Plus résistants et durables, les composites permettent des gains de poids et donc de consommation. Cette carte maîtresse du 787 a pris une nouvelle importance en période de pétrole cher.

Le Dreamliner, «à conditions de vol comparables, va consommer 20 % de carburant en moins que les avions de même taille d'aujourd'hui», selon Boeing, qui souligne aussi les bénéfices pour l'environnement. L'entreprise laisse par ailleurs entrevoir une réduction d'un tiers des coûts d'entretien.

Parmi les autres innovations du 787, un système de commandes non plus hydraulique mais électrique et, côté confort en cabine, des hublots plus grands ainsi qu'une pressurisation plus humide et donc plus confortable que sur les modèles actuels.

Sortie officielle

La sortie officielle du 787 de l'usine de Boeing à Everett, à 40 km au nord de Seattle, est prévue à partir de 15h30 demain, devant quelque 300 représentants de la presse américaine et internationale, conviés à partir d'hier à des journées de présentation de l'appareil.

Un 787 entamera ses vols d'essai à l'automne et la compagnie japonaise ANA, qui avait passé commande en 2004, devrait mettre un Dreamliner en service dès 2008.

Le 787 commencera donc sa carrière commerciale quelques mois après l'A380, l'avion géant d'Airbus. Les deux appareils empruntent une stratégie opposée pour atteindre le même objectif d'abaissement des coûts.

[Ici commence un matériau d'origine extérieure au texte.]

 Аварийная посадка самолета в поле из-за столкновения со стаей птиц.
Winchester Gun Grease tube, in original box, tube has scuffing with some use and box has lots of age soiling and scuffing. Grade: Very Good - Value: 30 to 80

L'A380, dont une version dépasse les 800 places, vise à relier de grands aéroports de correspondances. Le Dreamliner est destiné à des liaisons entre villes moyennes.

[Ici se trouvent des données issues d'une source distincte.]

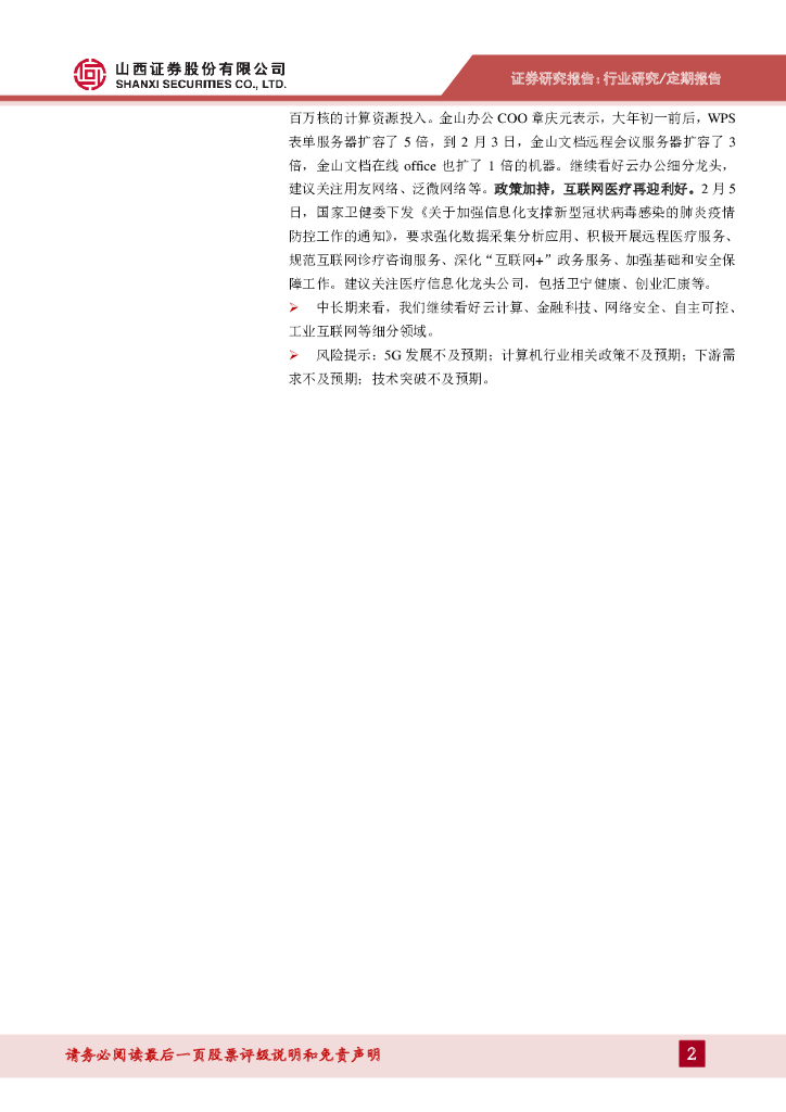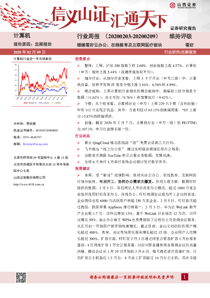 山西证券:计算机行业周报:继续看好云办公、在线教育及互联网医疗板块.pdf

Boeing se targue d'avoir déjà attiré 642 commandes fermes de 46 compagnies, après notamment l'annonce jeudi d'une nouvelle commande ferme de cinq exemplaires par le loueur américain CIT.

Vendu entre 146 et 200 millions $US au prix catalogue, le 787, avec jusqu'à 15 750 km d'autonomie, pourra relier sans escale New York à Manille ou Moscou à São Paulo.

Face à ce que l'Américain qualifie de «meilleur lancement d'un avion commercial de [son] histoire», le consortium européen a réagi avec son futur A350, rival déclaré du 787 mais qui ne sera mis en service qu'en 2013.